■ **ABOUT THIS TASK**: Repeat the lines from the one containing "Each is fitted" through the end of the listing exactly, both ends included. Do not carry over any pictures.

(MATERIAL PROVIDED Opens)

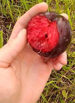 Слива пирамидальная Бербанк Гигант. Раннего срока созревания. Дерево пирамидальной формы, высота до 5 м. Плоды очень крупные, круглые, бордовые или фиолетовые, с едва заметным сизым налетом. Кожица плодов очень плотная. Мякоть также плотная, тёмно-бордовая, ароматная, сладкая с кислинкой. Косточка небольшая, не отделяется. После созревания плоды не опадают. Плодоношение на 3-4-й год после посадки. Самоплодный.
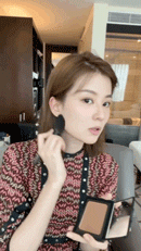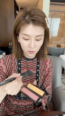 眼妆部分完成,乔老师还多给大家“延伸“了内容,在打腮红的时候,不要直直打在苹果肌上,这样笑起来的时候会有种“苹果肌下垂”的错觉,将腮红打在靠近眼下的位置,会显得更加可爱,还有遮黑眼圈的作用。
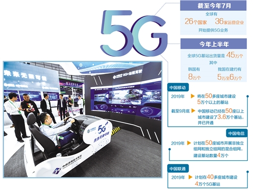 目前,運營企業(yè)相繼發(fā)布了5G品牌和計劃。“中國移動的5G建設(shè)起步早,投入大。”中國移動研究院副院長黃宇紅介紹說,在投入方面,中國移動明確2019年將在50多座城市建設(shè)5萬個以上的基站。截至9月底,中國移動已經(jīng)在50座以上城市建設(shè)了3.6萬個基站,并已開通。
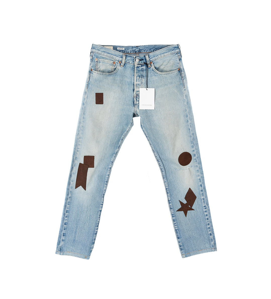 STEFAN COOKE BROWN PATCH VINTAGE BLUE JEANS BLUE/BROWN
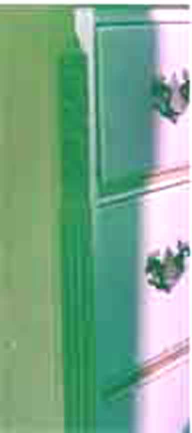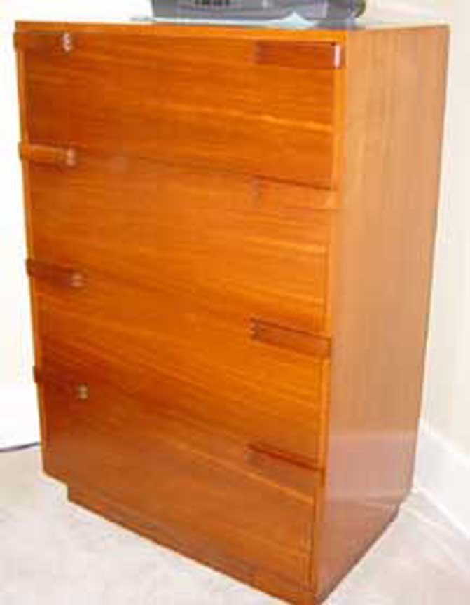 Each is fitted with three spacious drawers with stylized pulls, and some (but not all) feature a pull-out writing top. Current retail price for a fully restored pair [in excellent condition] could exceed $7900 [in 2009) Here is another Write-Away chest that is owned by our reader John who lives in Cahttanooga -- he says "... The lady that gave this desk to me has lived here all her life and probably bought it back in the the 40s or 50s. ...". We note that this one looks a lot like the Stow-Away with the addition of the writing desk. John thinks that the chest may have been painted and then stripped.
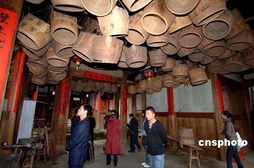 在福建省闽西山区,有一个至今保存完好的连片成群的客家古老村落,这就是已有800多年历史的连城县培田明清古民居。培田古民居建筑群由30幢高堂华屋、21座古祠、6家书院、二道跨街碑坊和一条千米古街构成。图为游客参观挂满箩筐的中厅。(王东明)
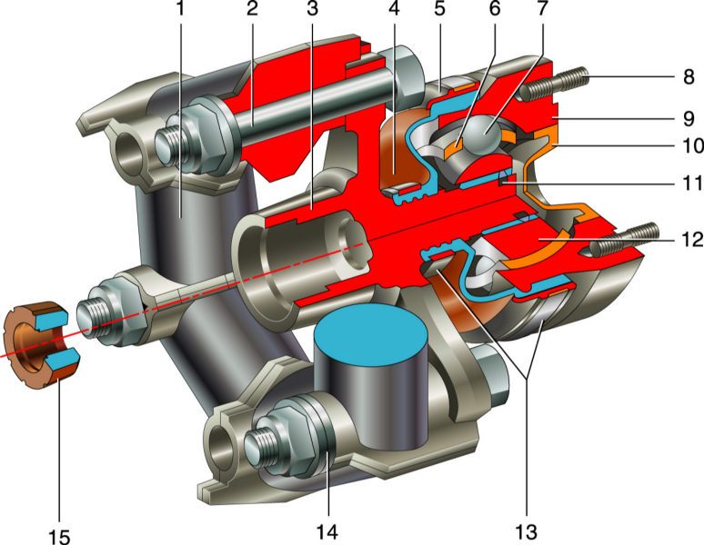 9 – корпус шарнира; 10 – заглушка; 11 – стопорное кольцо; 12 – обойма шарнира; 13 – хомуты; 14 – балансировочная шайба; 15 – центрирующая втулка.

(MATERIAL PROVIDED Closes)

■ **TASK RESULT**:
 Each is fitted with three spacious drawers with stylized pulls, and some (but not all) feature a pull-out writing top. Current retail price for a fully restored pair [in excellent condition] could exceed $7900 [in 2009) Here is another Write-Away chest that is owned by our reader John who lives in Cahttanooga -- he says "... The lady that gave this desk to me has lived here all her life and probably bought it back in the the 40s or 50s. ...". We note that this one looks a lot like the Stow-Away with the addition of the writing desk. John thinks that the chest may have been painted and then stripped.
 在福建省闽西山区,有一个至今保存完好的连片成群的客家古老村落,这就是已有800多年历史的连城县培田明清古民居。培田古民居建筑群由30幢高堂华屋、21座古祠、6家书院、二道跨街碑坊和一条千米古街构成。图为游客参观挂满箩筐的中厅。(王东明)
 9 – корпус шарнира; 10 – заглушка; 11 – стопорное кольцо; 12 – обойма шарнира; 13 – хомуты; 14 – балансировочная шайба; 15 – центрирующая втулка.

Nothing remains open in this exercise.